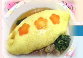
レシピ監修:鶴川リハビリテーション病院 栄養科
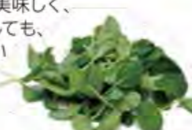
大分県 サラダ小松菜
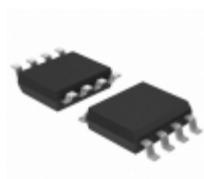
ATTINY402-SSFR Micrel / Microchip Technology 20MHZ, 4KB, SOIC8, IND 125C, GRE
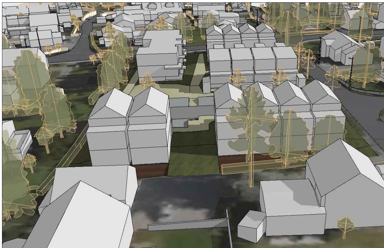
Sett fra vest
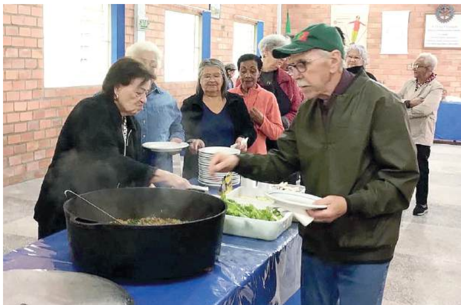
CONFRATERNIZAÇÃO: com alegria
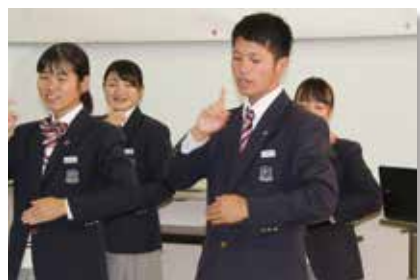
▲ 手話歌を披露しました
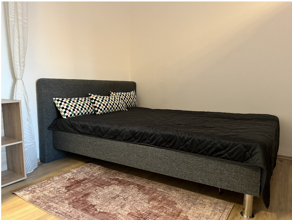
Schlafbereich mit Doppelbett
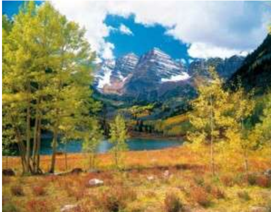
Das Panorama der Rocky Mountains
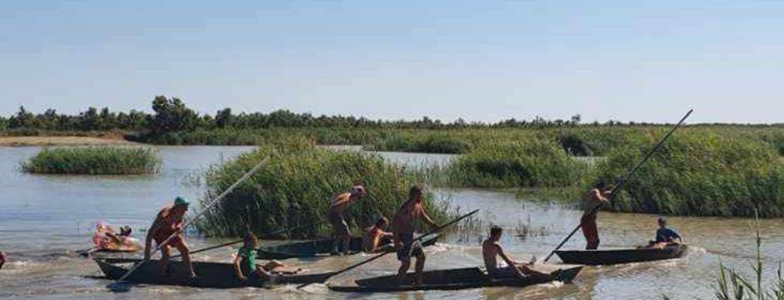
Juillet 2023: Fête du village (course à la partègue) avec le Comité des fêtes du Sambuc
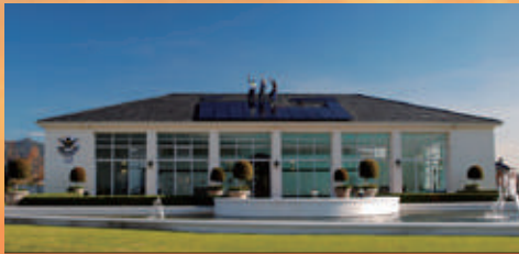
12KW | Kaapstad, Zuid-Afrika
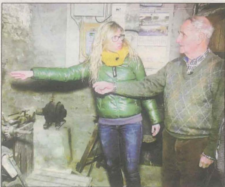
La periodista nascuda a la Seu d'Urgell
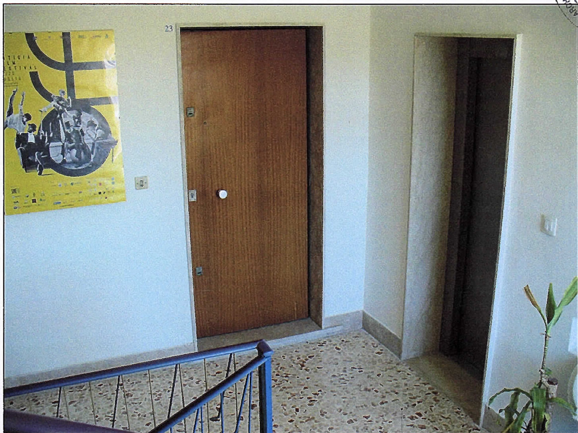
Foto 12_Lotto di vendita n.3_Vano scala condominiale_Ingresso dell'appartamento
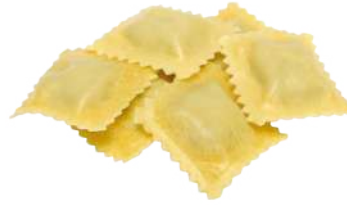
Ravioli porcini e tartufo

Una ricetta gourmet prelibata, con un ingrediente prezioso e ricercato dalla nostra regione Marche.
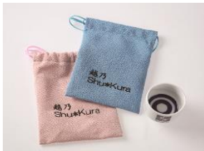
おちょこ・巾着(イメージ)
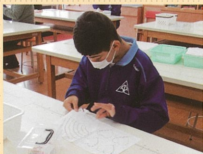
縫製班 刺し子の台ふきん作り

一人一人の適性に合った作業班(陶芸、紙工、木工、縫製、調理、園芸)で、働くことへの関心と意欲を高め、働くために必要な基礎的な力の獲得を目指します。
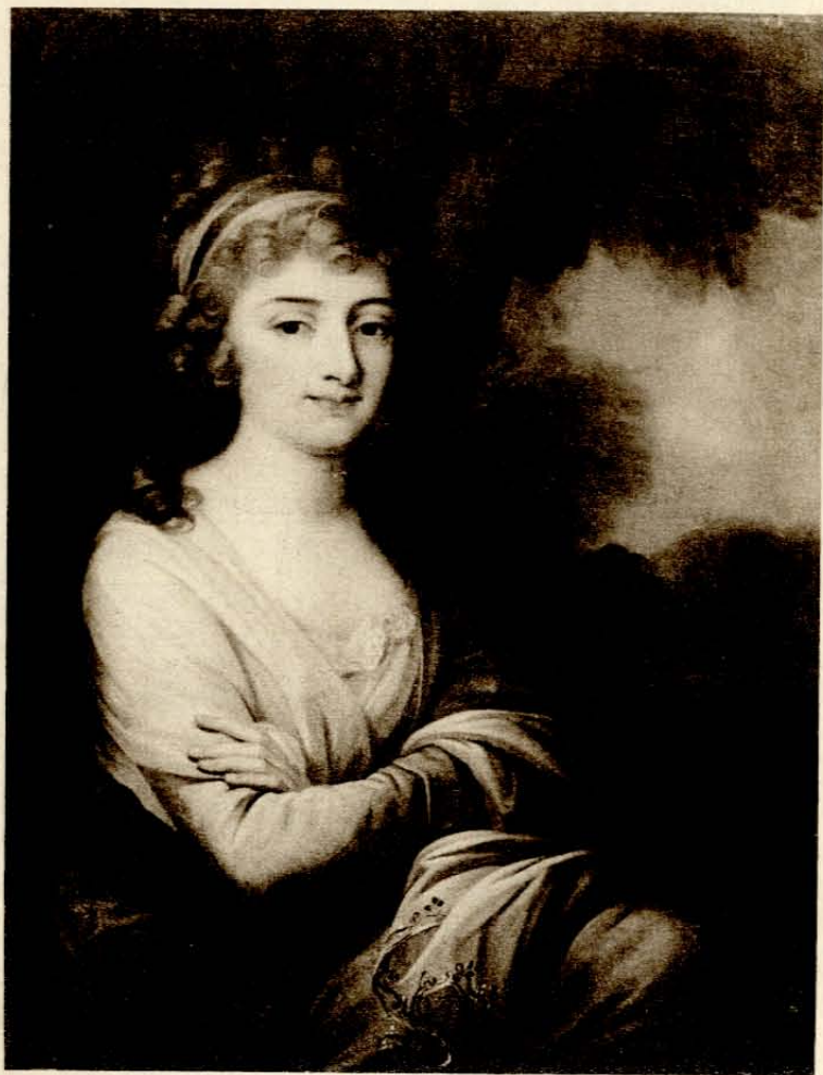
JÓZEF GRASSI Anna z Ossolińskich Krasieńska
▬▬▬▬▬▬▬▬▬▬
Without any pictures, write out the lines running from the one containing "Una ricetta gourmet" through the end of the listing above, both included, exactly as given.

Task solution:
Una ricetta gourmet prelibata, con un ingrediente prezioso e ricercato dalla nostra regione Marche.
おちょこ・巾着(イメージ)
縫製班 刺し子の台ふきん作り

一人一人の適性に合った作業班(陶芸、紙工、木工、縫製、調理、園芸)で、働くことへの関心と意欲を高め、働くために必要な基礎的な力の獲得を目指します。
JÓZEF GRASSI Anna z Ossolińskich Krasieńska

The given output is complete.